See Bostrom on infinite ethics for how much worse things get if you allow non-halting Turing machines.
In our current model of physics, time is infinite, and so the collection of real things is infinite. Each time state has a successor state, and there's no particular assertion that time returns to the starting point. Considering time's continuity just makes it worse - now we have an uncountable set of real things!

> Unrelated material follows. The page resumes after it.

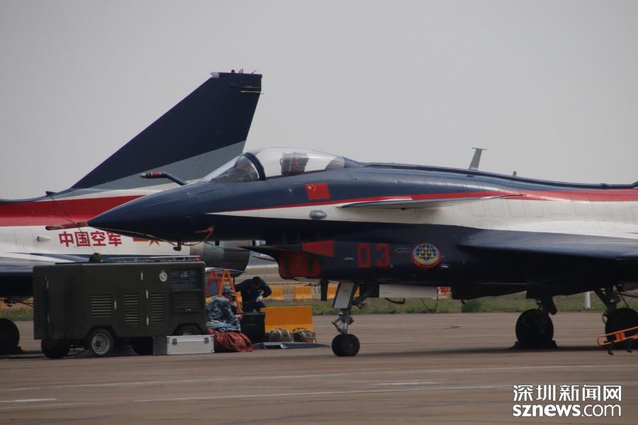 完成飛行表演,在停機(jī)坪上的殲-10。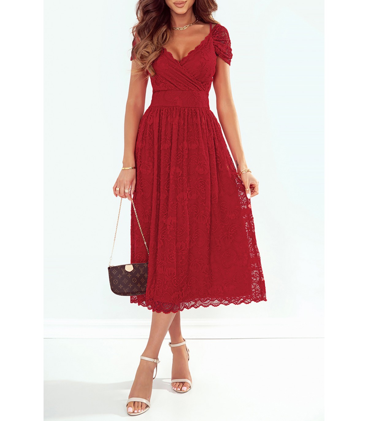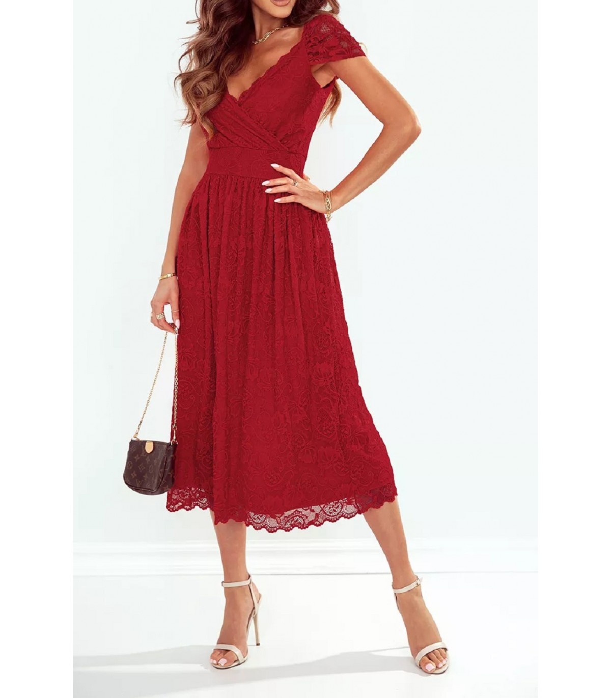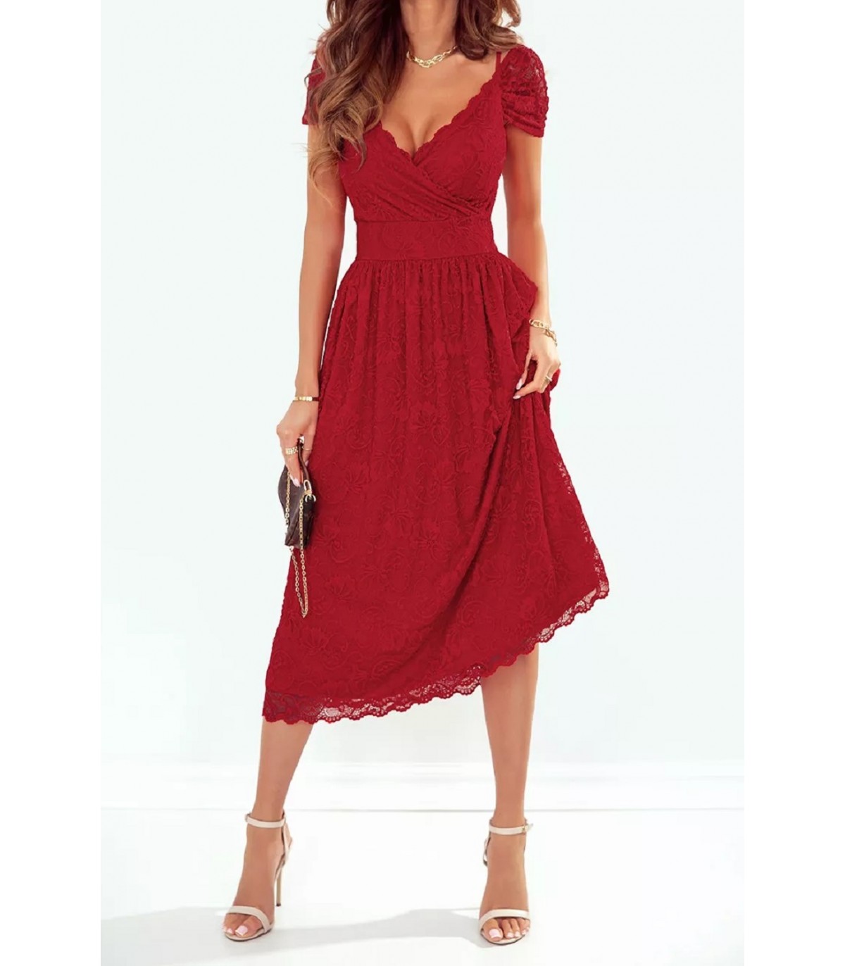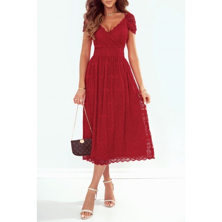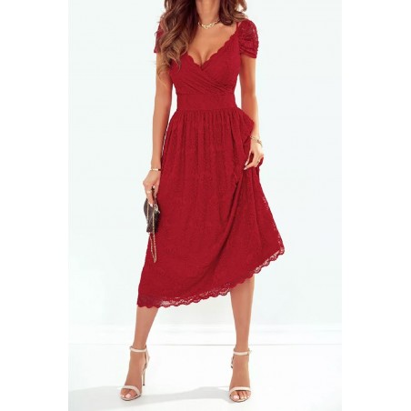Punainen wrap-look v-pitsimidimekko

But current physics also says that any finite amount of matter can only do a finite amount of computation, and the universe is expanding too fast for us to collect an infinite amount of matter. We cannot, on the face of things, expect to think an unboundedly long sequence of thoughts.
The laws of physics cannot be easily modified to permit immortality: lightspeed limits and an expanding universe and holographic limits on quantum entanglement and so on all make it inconvenient to say the least.
On the other hand, many computationally simple laws of physics, like the laws of Conway's Life, permit indefinitely running Turing machines to be encoded. So we can't say that it requires a complex miracle for us to confront the prospect of unboundedly long-lived, unboundedly large civilizations. Just there being a lot more to discover about physics - say, one more discovery of the size of quantum mechanics or Special Relativity - might be enough to knock (our model of) physics out of the region that corresponds to "You can only run boundedly large Turing machines".
So while we have no particular reason to expect physics to allow unbounded computation, it's not a small, special, unjustifiably singled-out possibility like the Christian God; it's a large region of what various possible physical laws will allow.
And cryonics, of course, is the default extrapolation from known neuroscience: if memories are stored the way we now think, and cryonics organizations are not disturbed by any particular catastrophe, and technology goes on advancing toward the physical limits, then it is possible to revive a cryonics patient (and yes you are the same person). There are negative possibilities (woken up in dystopia and not allowed to die) but they are exotic, not having equal probability weight to counterbalance the positive possibilities.